I essentially need to take one element from each array and create a new (3,3) array, wherein the diagonal is the three elements (the rest is empty) and then combine these new arrays into one.
It's a bit difficult to explain properly. I've attempted to give an example below which hopefully gives an idea of what I'm trying to do.
Example: Given three (2,3) arrays:
a = np.array([[2,5,9], [7,2,4]])
b = np.array([[3,6,2], [1,6,8]])
c = np.array([[8,7,4], [9,3,1]])
create six arrays with the elements from a, b, and c as the diagonals:
T1 = ([[ 2, 0, 0],
[ 0, 3, 0],
[ 0, 0, 8]])
T2 = ([[ 5, 0, 0],
[ 0, 6, 0],
[ 0, 0, 7]])
T3 = ([[ 9, 0, 0],
[ 0, 2, 0],
[ 0, 0, 4]])
T4 = ([[ 7, 0, 0],
[ 0, 1, 0],
[ 0, 0, 9]])
T5 = ([[ 2, 0, 0],
[ 0, 6, 0],
[ 0, 0, 3])
T6 = ([[ 4, 0, 0],
[ 0, 8, 0],
[ 0, 0, 1]])
combine the six arrays to yield
array([[ 2, 0, 0, 5, 0, 0, 9, 0, 0],
[ 0, 3, 0, 0, 6, 0, 0, 2, 0],
[ 0, 0, 8, 0, 0, 7, 0, 0, 4],
[ 7, 0, 0, 2, 0, 0, 4, 0, 0],
[ 0, 1, 0, 0, 6, 0, 0, 8, 0],
[ 0, 0, 9, 0, 0, 3, 0, 0, 1]])
as in
array([[ T1, T2, T3],
[ T4, T5, T6]])
*The six arrays are not needed in themselves as separate arrays, only the final array is needed. I've just chosen this route as it makes it a bit more apparent what the final one consists of.
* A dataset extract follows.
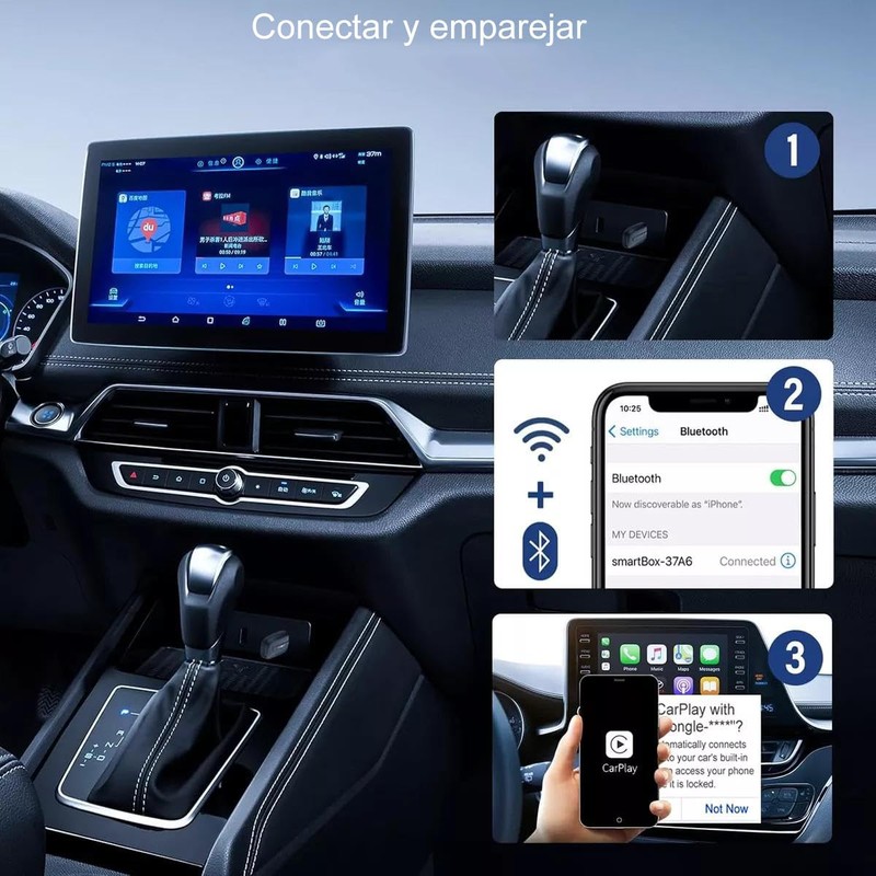 - 【Disfruta de la experiencia inalámbrica de CarPlay】. Si su automóvil admite CarPlay por cable, nuestro adaptador es su mejor opción para experimentar CarPlay inalámbrico. Disfrute de un uso más suave que mejora cada conducción segura. Puede navegación GPS, reproducir música, tomar llamadas y manejar mensajes sin esfuerzo a través de Siri, pantalla táctil, botones o perillas, haciendo que la conducción enfocada sea realmente alcanzable. Ahora conectado sin problemas a través de nuestra señal inalámbrica. No es necesario que cambie sus hábitos, simplemente disfrute de un interior del coche más limpio y sin cables
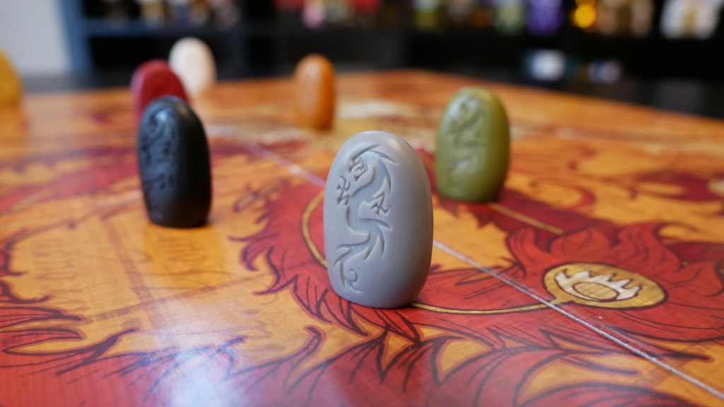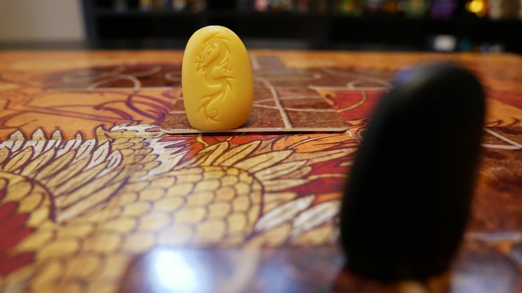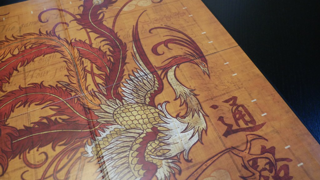 Let’s first look at the art which includes a depiction of a dragon and a phoenix, starting with the dragon. The Asian dragon is on the box, wonderfully presented in a sea of red with yellow and white highlights. Each player pawn is also etched with a minimalist version of the same style of dragon. My first thought was where did this dragon originate from. Based on the Japanese name of the game, I assumed it was Japanese. I also thought the phoenix was the rise from the fire and ashes type, but I’ll get to that shortly. I started my research looking up mythologies surrounding the Japanese dragon and there’s quite a bit.

It can be done with einsum:
ABC = np.array((a,b,c))
i,j,k = ABC.shape
out = np.zeros((i*j,i*k),ABC.dtype)
np.einsum("jiki->ijk",out.reshape(j,i,k,i))[...] = ABC
out
# array([[2, 0, 0, 5, 0, 0, 9, 0, 0],
# [0, 3, 0, 0, 6, 0, 0, 2, 0],
# [0, 0, 8, 0, 0, 7, 0, 0, 4],
# [7, 0, 0, 2, 0, 0, 4, 0, 0],
# [0, 1, 0, 0, 6, 0, 0, 8, 0],
# [0, 0, 9, 0, 0, 3, 0, 0, 1]])
Explanation:
What does the reshape do?
axis 2 (size k)
/-----------------------\
axis 3 (size i)
/-----\ /-----\ /-----\
a s / a s / [[2, 0, 0, 5, 0, 0, 9, 0, 0],
x i | x i | [0, 3, 0, 0, 6, 0, 0, 2, 0],
i z | i z \ [0, 0, 8, 0, 0, 7, 0, 0, 4],
s e | s e / [7, 0, 0, 2, 0, 0, 4, 0, 0],
| | [0, 1, 0, 0, 6, 0, 0, 8, 0],
0 j \ 1 i \ [0, 0, 9, 0, 0, 3, 0, 0, 1]]
It isolates the 3x3 diagonal matrices into axes 1,3.
What does einsum do here?
It maps the axes of the reshaped out to those of ABC;
"jiki->ijk" means that axis 0 ("j") maps to axis 1, axes 1 and 3 ("i") map to axis 0, and axis 2 ("k") maps to axis 2.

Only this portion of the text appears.